- **Exercise**
Would you copy exactly the lines in the data below from the one that has "Serra a Tunnel" through the one that has "出口方面,中国乘用车的出口市", dropping any pictures?

- **Excerpted records**
---
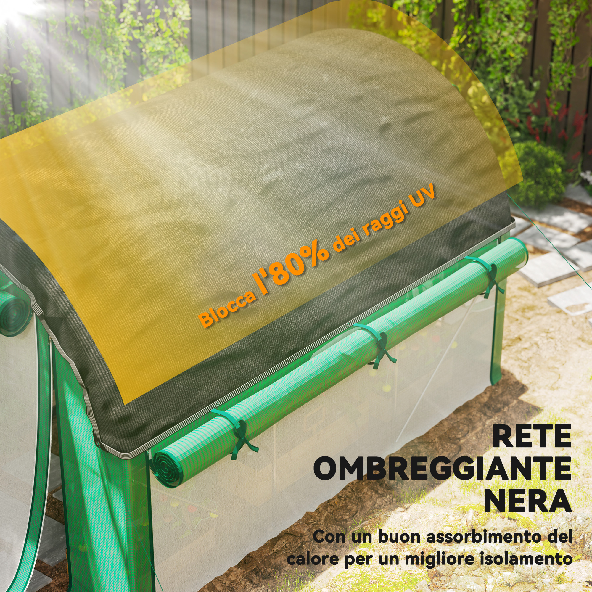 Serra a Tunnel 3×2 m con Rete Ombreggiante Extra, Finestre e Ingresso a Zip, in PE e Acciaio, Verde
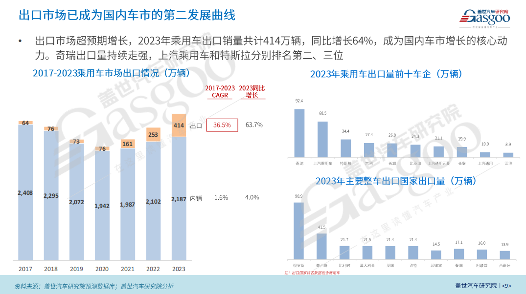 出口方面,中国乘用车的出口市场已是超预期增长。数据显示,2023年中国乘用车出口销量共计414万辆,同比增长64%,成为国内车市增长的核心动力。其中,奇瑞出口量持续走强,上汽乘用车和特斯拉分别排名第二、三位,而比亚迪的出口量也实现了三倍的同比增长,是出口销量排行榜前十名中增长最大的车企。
---
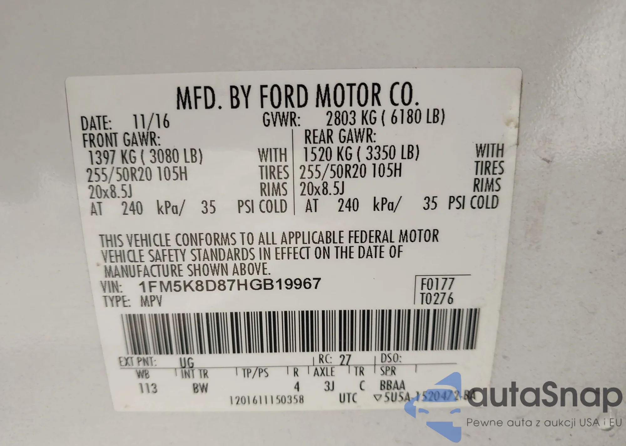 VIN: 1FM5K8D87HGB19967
---
- **Result of the exercise**
 Serra a Tunnel 3×2 m con Rete Ombreggiante Extra, Finestre e Ingresso a Zip, in PE e Acciaio, Verde
 出口方面,中国乘用车的出口市场已是超预期增长。数据显示,2023年中国乘用车出口销量共计414万辆,同比增长64%,成为国内车市增长的核心动力。其中,奇瑞出口量持续走强,上汽乘用车和特斯拉分别排名第二、三位,而比亚迪的出口量也实现了三倍的同比增长,是出口销量排行榜前十名中增长最大的车企。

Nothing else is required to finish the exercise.